- YOUR OBJECTIVE
Copy the lines from the start of the records below through the line containing "مەقەسۆكا رەشا چەنگسىي", both included, and leave out the pictures.

━━━ RECORDED DATA ━━━

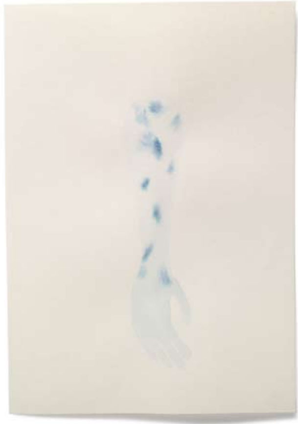
2010 | Tinte auf Papier | 14,8 x 21 cm
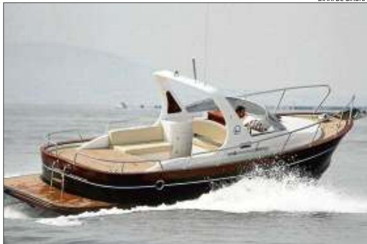
L'embarcació, tripulada pel gerent de l'empresa Ramon Girbau.
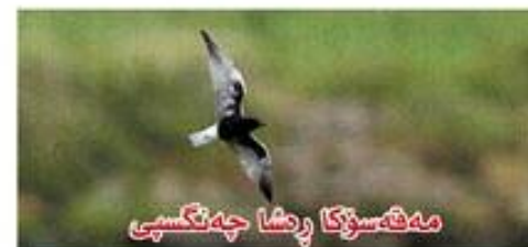
مەقەسۆكا رەشا چەنگسىي

و ھىندى مەقەسۆكىن دەريايىنە ژ شەھىنگان زرافتر و پى كورترن. كورىيا وان وەكى يا حاجىرەشكان دوچەقە. نىكى وان زرافتر و راسترە ژ پى شەھىنگان. ھەردەم ل ھىنداقى ئاق و دەراف و رۇباران، يان ل بەر لىقىن وان ل ھەوا دىچن و دىنن، ل خوارنا ماسى و گىانەومەرىن دىيىن ئاقى دگەرن و ژ سەر ئاقى رادىكن يان ژى ژۇردە خوە تى وەردىكن. كۆمكۆمە ل سەر لىقا گەر و گۆل و رۇباران ھىلىنن چى دىكن. ھىلىنن وان ھىندەك كۆركىن بى سەرۇبەر و قالىكن.
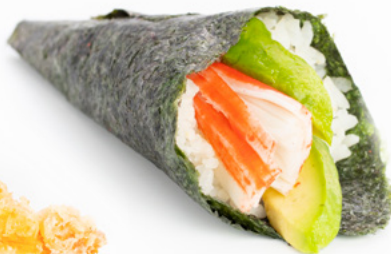
045 Temaki California surimi di granchio e avocado
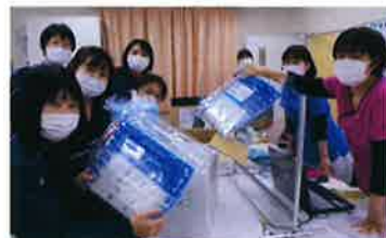
訪問看護ステーション喜 (静岡県)
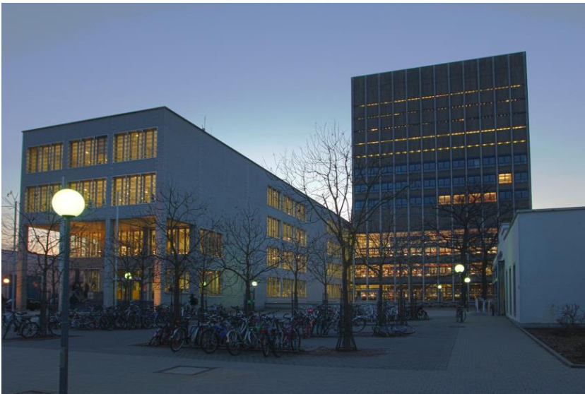
Abbildung 1.1: Außenansicht der KIT-Bibliothek Phasellus accumsan cursus velit. Vestibulum ante ipsum primis in faucibus orci luctus et ultrices posuere cubilia Curae; Sed aliquam, nisi quis porttitor congue.

consectetur vestibulum elit. Aenean tellus metus. Uptatum 5 qui neque quos re plandipsa nient omnis ad ut dolupta tureruntur aut liquiam. Bibendum sed, posuere ac, mattis non, nunc. Vestibulum fringilla pede sit amet augue. In turpis. Pellentesque posuere. Praesent turpis. Aenean posuere, tortor sed cursus feugiat, nunc augue blandit nunc, eu sollicitudin urna dolor sagittis lacus. Donec elit libero, sodales nec, volutpat a, suscipit non, turpis. Nullam sagittis. Suspendisse pulvinar, augue ac venenatis condimentum, sem libero volutpat nibh, nec pellentesque velit pede quis nunc. Vestibulum ante ipsum primis in faucibus orci luctus et ultrices posuere cubilia Curae; Fusce id purus. Ut varius tincidunt libero.
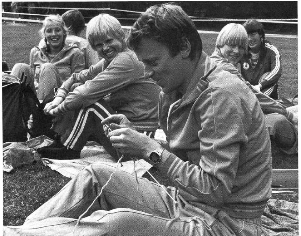
Psychoregulatives Training mit Stricken?

Es motivierte unheimlich, stärkte mein Selbstvertrauen und es wurde mir eingesugert, dass die Konzentration voll da sein würde.

━━━

- SOLVED EXERCISE
2010 | Tinte auf Papier | 14,8 x 21 cm
L'embarcació, tripulada pel gerent de l'empresa Ramon Girbau.
مەقەسۆكا رەشا چەنگسىي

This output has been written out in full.